Two personas were found:
- The Adult responsible for Home Management
- An adult that lives in the house
*I'm only comparing between adults and not kids since none of them was allowed to make decisions. In one case an adult son was responsible.
What will the personas do?
The two devices have different goals, different personas!
Mobile > Living > Person that lives in the home
Desktop > Management > Home Owner
First, it was necessary to understand what both users would do, think, and feel before thinking in the flow for each own. This exercise is really important to understand opportunities and where the users can feel more difficulties.
Grandpa is going to help take care of the kids and pets while the parents go on a small weekend vacation.
The mother is the manager of the house, she needs to add Grandpa as a new user and send the app link for him to download.
Grandpa needs to download the app and check the pet needs.
WireframesDesigning the features on the desktop was an important part of the design phase. I started by the low-level wireframes to understand how I could organize all the features gather on research in order to make sense to our personas and their journeys.
Tests were made not only to small components, to see if they were easy to use/understand, but also to some flows - mobile is to be used by the entire family.
The goal of desktop testing was to understand not only usability but also to check if the features met their needs. Since this idea was created from scratch it was really important to validate the features and how they were designed:
- features value for user (and hierarchy)
- the difference between view and edit components
- understand what is editable
- order of items show
- the difference between alert colors
- permissions on the app
Example: the appliances edit mode change depending on the type and allow remote control of the most commonly used interactions, this was something a house manager felt it was missing from the first iteration. It was added to the wireframes.
The styleguide (image above) was created after the low-level wireframes were designed. I started by experimenting with the color palette. Creating the logo helped me visualize the color palette and its application on the prototypes.
What to prototype?
The wireframes were designed in the process of understanding the features and how they should work within the persona's needs and troubles. I made the decision of designing desktop as a showcase to the management abilities of the device. Show each section and their pages, all the configuration and editing strength of the desktop. On the other hand, mobile could show a phone of a user with very few editing permissions.
Amazing... but not complete!
There's still a lot to do.
A smart home is a complex and critical program that demands safety but also usability for everyone in the family. Most features needed some research and understanding of the context and the way they are used.

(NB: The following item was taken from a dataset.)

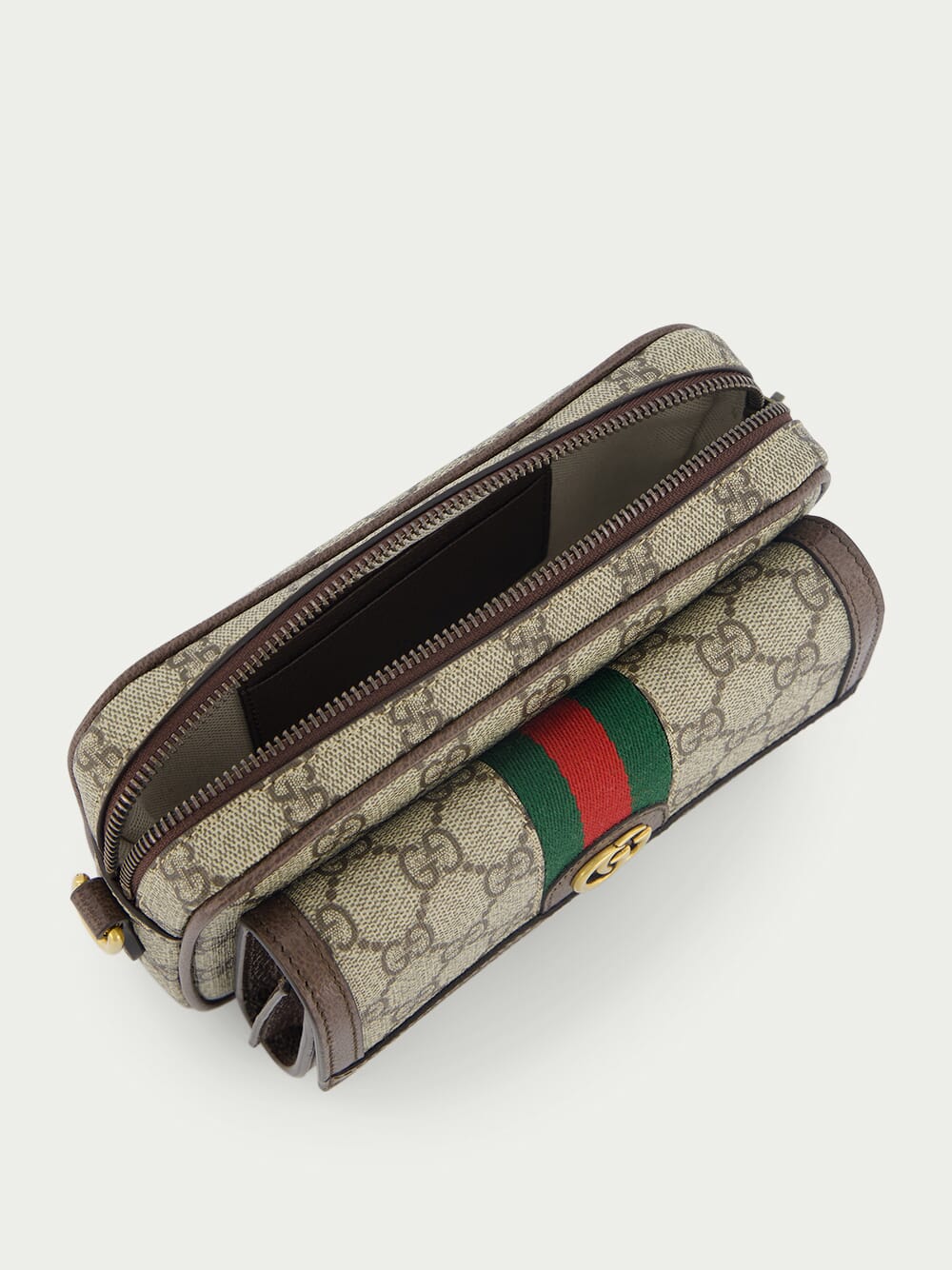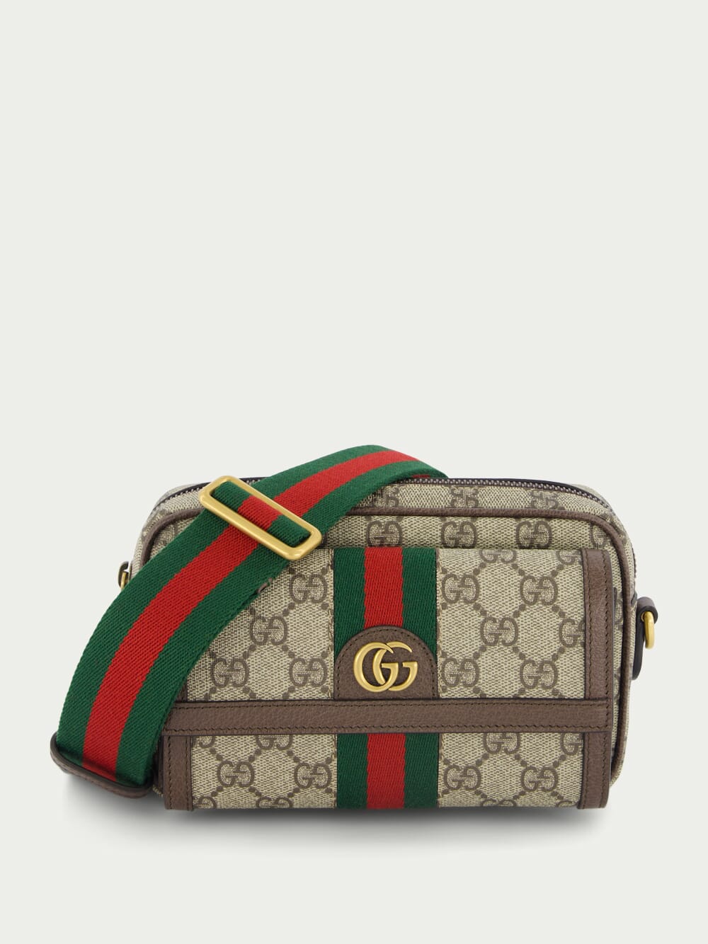 Ophidia GG Mini Bag, featuring a captivating combination of beige and ebony GG Supreme canvas, highlighted by brown leather trim and gold-toned hardware. The iconic green and red Web detail pays homage to our heritage, while the moiré and cotton linen lining adds a touch of luxury and durability. Adorned with the distinguished Double G logo, this mini bag embodies our signature style. It comes with a detachable canvas shoulder strap, providing versatile carrying options.

Because of this, I left out some features to research, design, and test in the future.
To do in the future:
- Creating rooms, users, appliances, etc.
- Other pages inside General beside Security
Do I achieve my goal of showing what I do at work?
Overall, I was able to integrate some of the design patterns, features, and processes I use in my last year of work. It's more client-focused and less enterprise like. In a way, it added more to the challenge of creating this idea.
And I did something new...
The process of thinking a product from scratch all by myself was a good learning experience.
It made me value research and testing as the building blocks of design: they gave me all the info I needed to understand how to design a better product for different users. If I had questions I would test, grab a tester, and try this feature, ask questions, experiment with other products.
I did not have other UX Designers, POs, Devs, to help me. Yet, the answer was always out there.